Enslaved midwives — often called “granny midwives” — were responsible for delivering both Black and white babies on plantations.
They maintained herbal and spiritual practices brought from Africa, even while being denied freedom and recognition.
These women were keepers of life in a system built on death — healers, witnesses, and preservers of culture.
Despite being enslaved, their work was not slavery in spirit — it was resistance, survival, and care work rooted in ancestral power.
3. The 20th century brought erasure and rebranding
By the early 1900s, medical institutions — led by white male doctors — began to:
Criminalize or discredit traditional midwives through licensing laws.
Push childbirth into hospitals, excluding community-based birth workers.
Appropriate the labor of care once done by Black women and label it with sanitized or academic terms like “nursing,” “public health,” and later “doula.”
When Dana Raphael revived the word doula in the 1970s, she didn’t create the role — she rebranded an ancient, cross-cultural practice that had survived despite oppression.
4. Reclaiming the role, questioning the word
Modern Black and Indigenous birth workers have revived this legacy by:
Restoring traditional language — using titles like birth keeper, community midwife, village auntie, or sacred birth worker.
Reclaiming ancestral wisdom that predates Western medicalization.
Challenging the class and racial divide in modern doula training, which too often centers white, middle-class models of care.
Their focus is not just on comfort during labor — but on birth justice, healing generational trauma, and rebuilding community trust around childbirth.
Reclaiming the Doula: From Servitude to Sacred Service
The word doula comes from ancient Greece, where it meant “female slave” or “woman who serves.” That origin cannot be ignored.

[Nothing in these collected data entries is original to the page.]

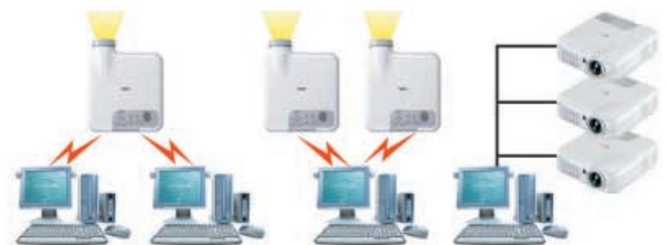
Kabellose Bildübertragung von mehreren PCs auf einen Projektor.
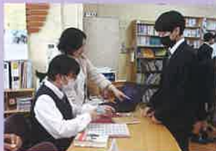
図書館レクチャー
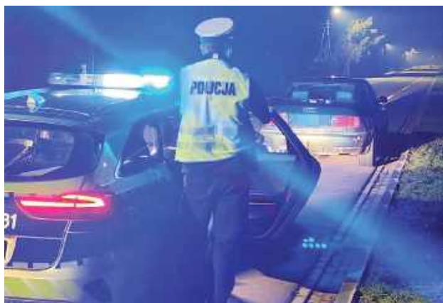
Mężczyzna, który prowadził Audi A8, wzbudził uwagę funkcjonariuszy drogówki, gdyż poruszał się po zmierzchu mając włączone jedynie światła

23-letni mieszkaniec gminy Radzyń Podlaski został zatrzymany przez policję po tym, jak okazało się, że prowadził samochód pod wpływem narkotyków. Do zdarzenia doszło w miniony wtorek, 7 listopada w miejscowości Star Wieś w gminie Borki. Mężczyzna, który prowadził Audi A8, wzbudził uwagę funkcjonariuszy drogówki, gdyż poruszał się po zmierzchu, mając włączone jedynie światła
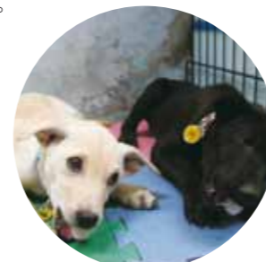
啃著牛皮骨的可愛模樣。
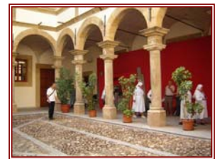
Atrio della Facoltà teologica
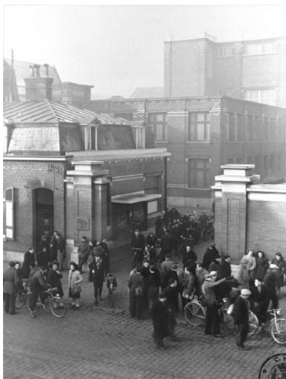
10. Tourcoing, sortie du personnel, Etablissements François Masurel Frères, vers 1950.
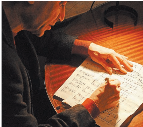
Композитор Владимир Баскин — автор десятков мюзиклов, от «Женитьбы Бальзамина» до «Великого Гэтсби»...

ВЛАДИМИР БАСКИН: Хотели напомнить, что наряду с итальянским театром дель арте в России был свой «театр масок». Практически каждое новое сочинение русских писателей рождало своих персонажей, многие становились нарицательными: скалозубы, молчалины, репетитовы, недоросли, фамусовы, хлестаковы, чичиковы, нодрёвы, маниловы, обломовы, плешкины, башмачкины... Фантастическая галерея сатирических образов! Поэтому героев Грибоедова мы постараемся показать сочно, колоритно. Текст гениален, и мы к нему отнеслись деликатно, сохранили крылатые выражения и всю палитру смыслов, заложенных в комедии. Далее — выбор режиссера.
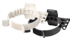
Beugel 80 PP
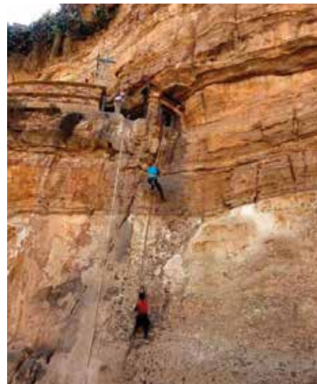
Salita al monastero Dabra-Damo (Etiopia)

Lei scrive? “Sì, i miei sono libri di testo utilizzati presso l'Istituto Biblico dell'Università Pontificia a Roma, fre-
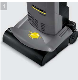
1 Ручная регулировка роликовой щетки

Профессиональный щеточный одномоторный пылесос CV 30/1 - оснащен интегрированной цилиндрической щеткой в дополнение к всасывающей турбине. Благодаря этому обеспечиваются отделение от коврового ворса налипших частиц грязи, нитей или волос и одновременное его прочесывание. Данная модель незаменима для оперативной уборки помещений с преобладанием ковровых покрытий таких как гостиницы, офисы, кинотеатры и пр. муниципальные учреждения.
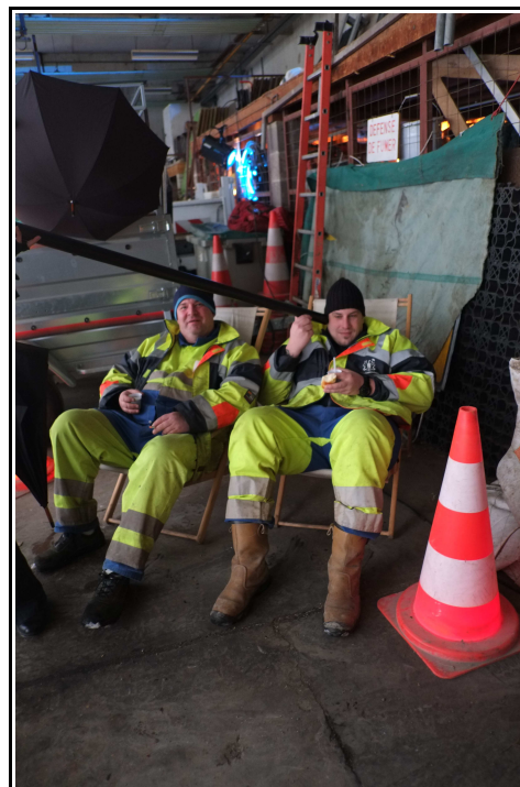
Petits privilèges aux hommes de l'ombre Centre technique municipal de Coulommiers – Février 2013
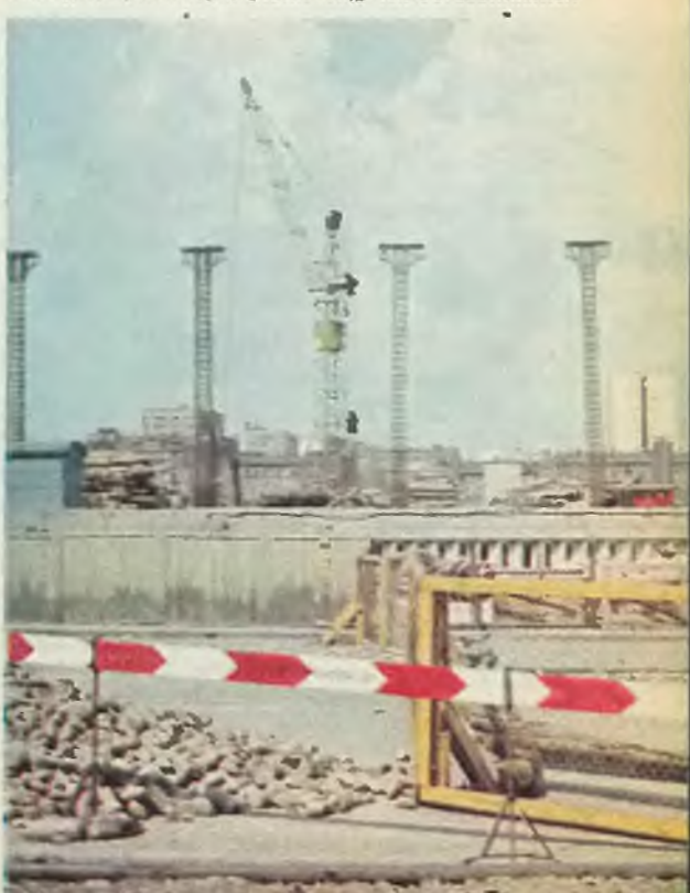
Pierwsze konstrukcje części naziemnej hali dworcowej, na pierwszym planie ciąg Al. Jerozolimskich

Prace zasadnicze skoncentrowały się na tzw. bloku północnym, tutaj stanąć ma ponad 1130 pali żelbetowych, na których oprze się konstrukcja płyty, mającej przykryć północną stronę wykopu. Podstawowe zadania tegoroczne obejmują wykonania przekrycia całej północnej części dworca, postawienie 24 słupów hali głównej oraz zmontowanie konstrukcji dachowej. Ponadto przewidziano dalsze znaczne zaawansowanie robót instalacyjnych, łączące z obiektami podziemnymi. (KK)
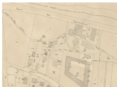
Cadastre rénové, 1988
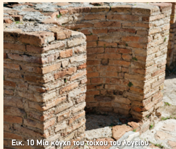
Εικ. 10 Μία κόγχη του τοίχου του λογείου.

Αν σταθείτε στην ορχήστρα με την πλάτη σας στραμμένη στο κοίλο, θα παρατηρήσετε έναν χαμηλό τοίχο διακοσμημένο με κόγχες, δηλαδή εσοχές που άλλες είναι ημικυκλικές και άλλες ορθογώνιες (εικ. 10). Μάλιστα στις τρεις μεγαλύτερες υπάρχουν σκάλες που συνδέουν την ορχήστρα με τη σκηνή του ωδείου (εικ. 13).
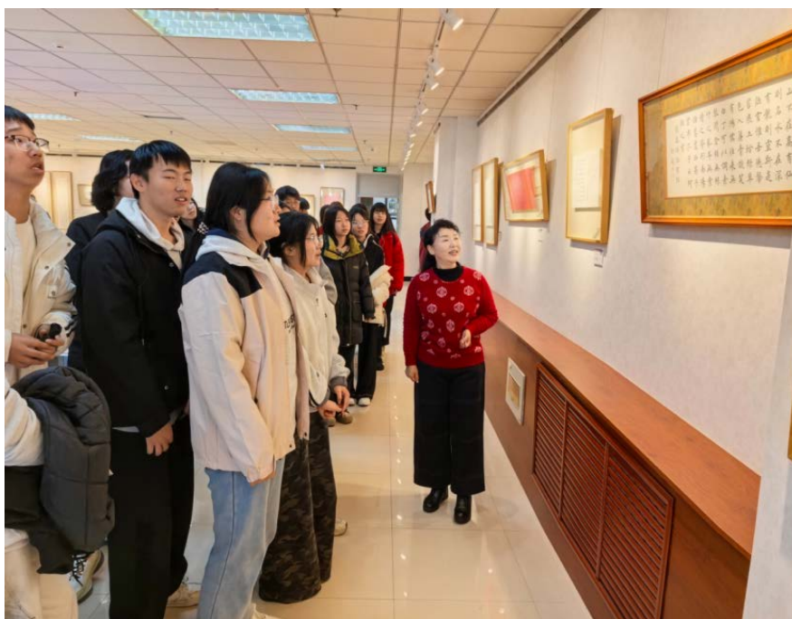
师生聆听讲解员老师讲解书法作品
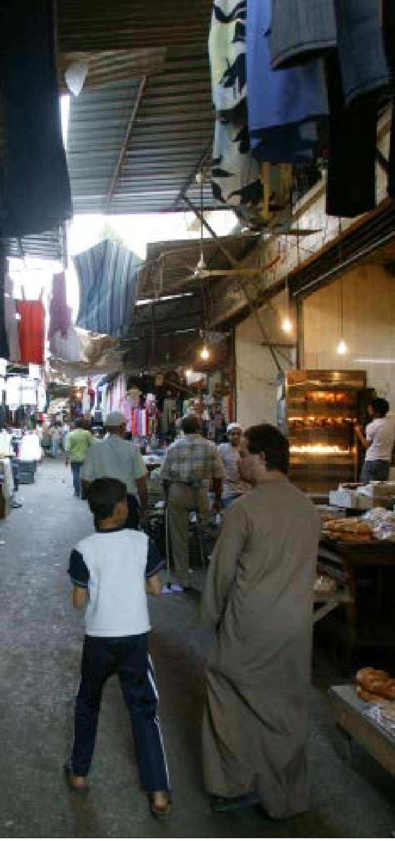
هك يقفل ان يؤخذ مئة الف انسان جبرية عشرات المطلوبين فقط؟ (هيلم الموسوي)

بل على هيئة جدران تقابلها شبكات متاكلة كانت تُسيج المخيم. وعزز المضي في تشييده تردّي الحالة الأمنية في المخيم على وقع الأحداث

The word itself was born in a world where women’s labor — physical, emotional, and spiritual — was owned and controlled. But the role of the doula, the act of serving another woman through childbirth, is far older, far deeper, and far holier than any system of bondage.
Before the Greeks gave it a name, African and Indigenous women had already been serving as birthkeepers, midwives, and community mothers. They carried ancestral wisdom — herbs, songs, prayer, and healing — passed down through generations. In their hands, birth was not just a biological act; it was a sacred ceremony, a joining of mother, child, spirit, and community.
During enslavement, that sacred duty continued in defiance of cruelty. Black women on plantations became midwives and healers, delivering babies of both the enslaved and the enslavers. They preserved knowledge that white medicine could not replicate — knowledge born of love, experience, and ancestral power. Their work was never servitude in spirit; it was resistance, survival, and care made holy.
By the 20th century, medical institutions stripped away that power. Laws and licensing pushed traditional midwives aside. Birth moved from home to hospital, from women’s hands to sterile rooms. When the word doula resurfaced in the 1970s, it reintroduced the idea of woman-centered care — but it often ignored the roots and the resilience of those who had lived this role for centuries.
Today, Black and Indigenous birth workers are reclaiming both the role and the narrative. Some reject the term doula altogether, choosing names that honor their lineage: birthkeeper, community midwife, village auntie, sacred birth worker. Others keep the word but redefine it — stripping it of its slave past and filling it with strength, dignity, and spiritual service.
To serve in this tradition is not to be owned or silenced. It is to stand in a long line of women who have guarded life itself — through oppression, through erasure, through every generation.